Sibelius no llegó a estos silencios en primera instancia. La Quinta que conocemos y escuchamos es el fruto de una revisión realizada por el compositor cuatro años después del estreno (1915). Las diferencias son notables, y una de ellas afecta precisamente al final de la sinfonía. La primera versión aboga por una solución más obvia y ortodoxa: el crescendo final culmina con un cierre majestuoso en donde el espacio entre los acordes está rellenado por trémolos de cuerdas y timbales. No hay silencios. La versión definitiva con los silencios debió de parecerle al propio Sibelius tan atrevida que trató de suavizarla. En los últimos compases, la partitura introduce una ligera aceleración (un pochettino stretto), probablemente con el propósito de reducir la duración de los silencios y hacerlos más “tolerables” para el público y los músicos.
Los grandes intérpretes de Sibelius de los últimos cincuenta años tienden, en general, a no acelerar en los compases conclusivos. Nosotros escuchamos la Quinta no sólo con los oídos del compositor y de sus contemporáneos, sino también a la luz de la música que ha venido después. Nuestra relación con el silencio ha cambiado, y con ella nuestra actitud frente al final de la sinfonía. Entre los directores que no aceleran, podemos distinguir dos grupos: en uno está Sergiu Celibidache, y en el otro, todos los demás. De Celibidache se conservan cuatro grabaciones en directo de la Quinta: con la Orquesta de la RAI de Turín (1970), la Sinfónica de la Radio Sueca (1971), la Sinfónica de la Radio Danesa (1971) y la Filarmónica de Múnich (1992). Esta última es la más extrema por la lentitud de los tempi, típicos de la última etapa del director rumano.
Se me ocurren diversas explicaciones para los silencios finales de la Quinta, y la versión muniquesa de Celibidache me sugiere una.

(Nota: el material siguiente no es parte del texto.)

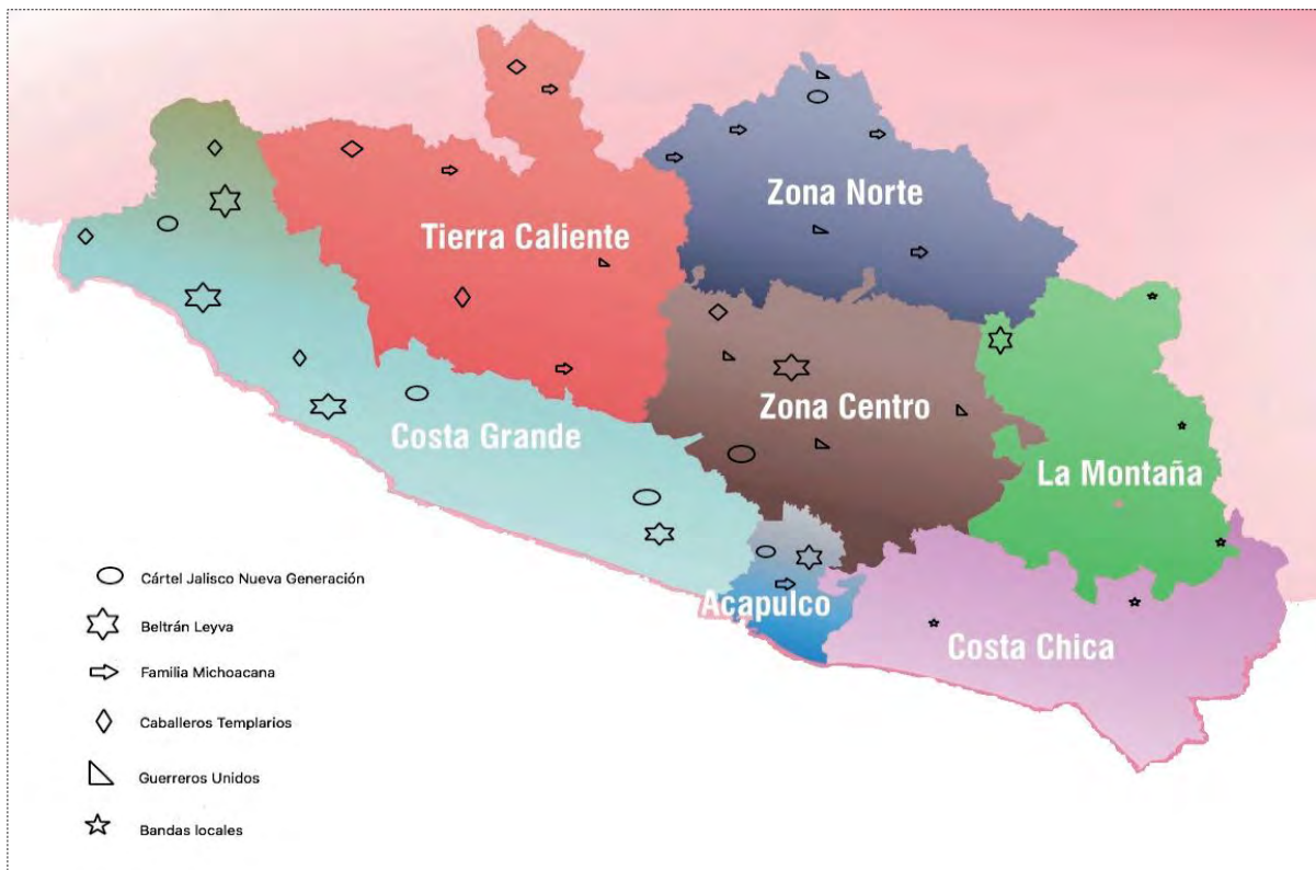
Figura 2. Geografía delictiva.
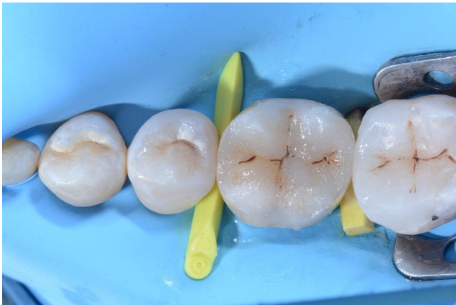
Veduta laterale del # 46 dopo ricostruzione delle pareti interrossimali distale e mesiale.
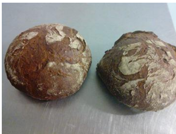
Slika 2. Purpur gotovi kruh

Posebna vrsta kruha, proizvodi se od samljevenog cijelog zrna purpur pšenice (koja ima jak, začinski ukus) i raži. Sadrži orahe i sjemenke bundeva koje poboljšavaju miris i okus te pružaju bogatstvo vitamina, minerala i esencijalnih masnih kiselina. Povećani sadržaj bjelančevina, dijetalnih vlakana i visokog sadržaja antocijana (koji se mogu naći čak i kod crnih grožđa) daje ovom kruhu izvjesna prehrambena svojstva. Zadržava svježinu najmanje 5 dana, na sobnoj temperaturi. Produženu svježinu mu osiguravaju aditivi prirodnog porijekla. U sastavu je prisutno i sušeno tijesto (bogato organskim kiselinama) koje daje posebnu aromu i kiseo okus, što također utječe na produženu svježinu i sporije starenje kruha (Žitoprodukt, proizvodi, Panonska lađa 16.03.2018., url).
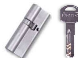
CILINDRO BASIC + 5 LLAVES
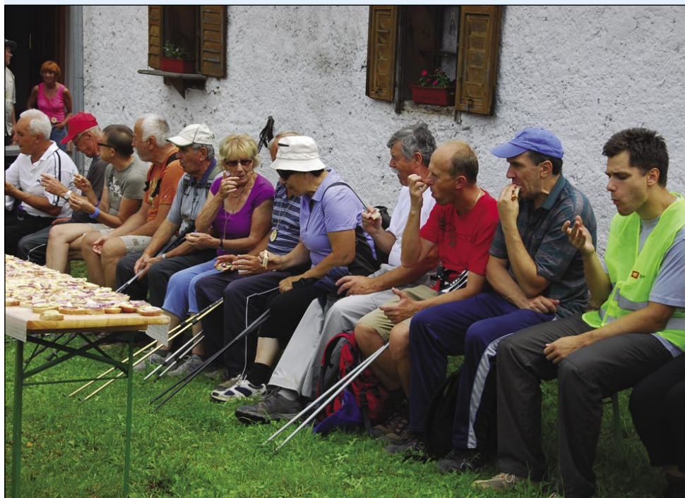
Postanek pri andovski domačiji, kjer so jih čakali s sendviči in pijačo

andovske domačije, kjer so jih s hrano in pijačo čakali člani Kulturno turističnega društva Andovci. Lahko so si ogledali tudi Mali Triglav in Hišo rokodelstva, ki je bila predana pred kratkim, zgrajena pa v okviru projekta Sosed k sosedu.
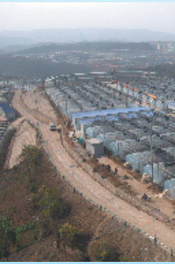
支持郧阳区香菇小镇产业扶贫项目
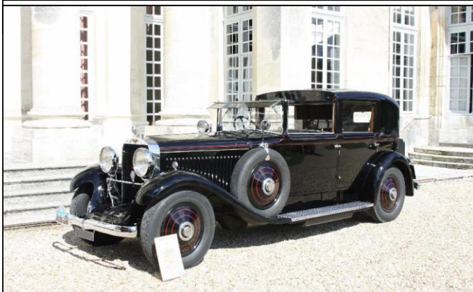
La reine du jour, l'HISPANO-SUIZA H6B coupé-chauffeur Binder de 1926.
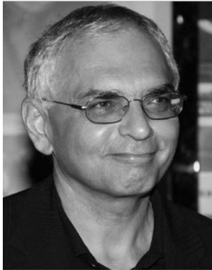
Karen Shakhnazarov (réalisateur LE TIGRE BLANC (Panorama))

Directeur général des Studios Mosfilm à Moscou, Karen Shakhnazarov est une personnalité importante dans la vie politique russe. A la fois réalisateur, écrivain (auteur de nouvelles: « Les jeunes dirigeables », « Le Courrier ») et scénariste (« Les dames invitent leurs cavaliers »), il a signé en 2009 une adaptation de la nouvelle de Tchekhov « Salle n°6 » qui a été très bien accueillie par la critique en France. Ses films historiques « L'assassin du Tsar », « Le cavalier de la mort », « L'Empire perdu » dressent une image complexe de la Russie et de l'Union Soviétique. Son dernier film « Le Tigre blanc » est une impressionnante fresque mystique parlant de façon romanesque et philosophique de la Deuxième guerre mondiale qui élargit notre vision de la guerre pour en faire la lutte entre le Bien et le Mal.
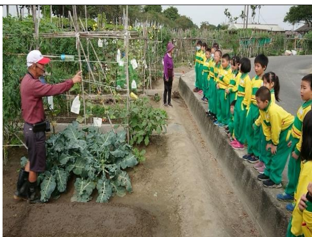
有機蔬果栽種介紹
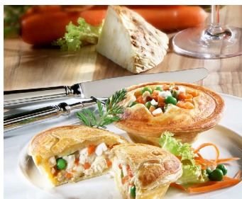
Pâtés de volaille
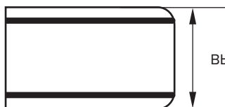
Схема измерения габаритов матраса

Аналогичным способом измеряется длина и ширина матраса. ГОСТ на изготовления матраса допускает отклонения от габаритов +/-20 мм. Ширина окантовочной ленты при этом в расчет не принимается.

Si la Sinfonía nº 4 había supuesto el máximo acercamiento de Sibelius al modernismo, con pasajes que bordeaban el atonalismo, la Quinta representa en cierto modo la superación de esta fase, el regreso triunfal a la tonalidad y a un concepto más anclado en el romanticismo tardío. El “tema de los cisnes” encumbra el intervalo de quinta, apoyándose al mismo tiempo en terceras superpuestas; las fanfarrias de los compases finales afirman grandiosamente los intervalos de octava y quinta; los seis acordes conclusivos conforman una cadencia tonal en toda regla.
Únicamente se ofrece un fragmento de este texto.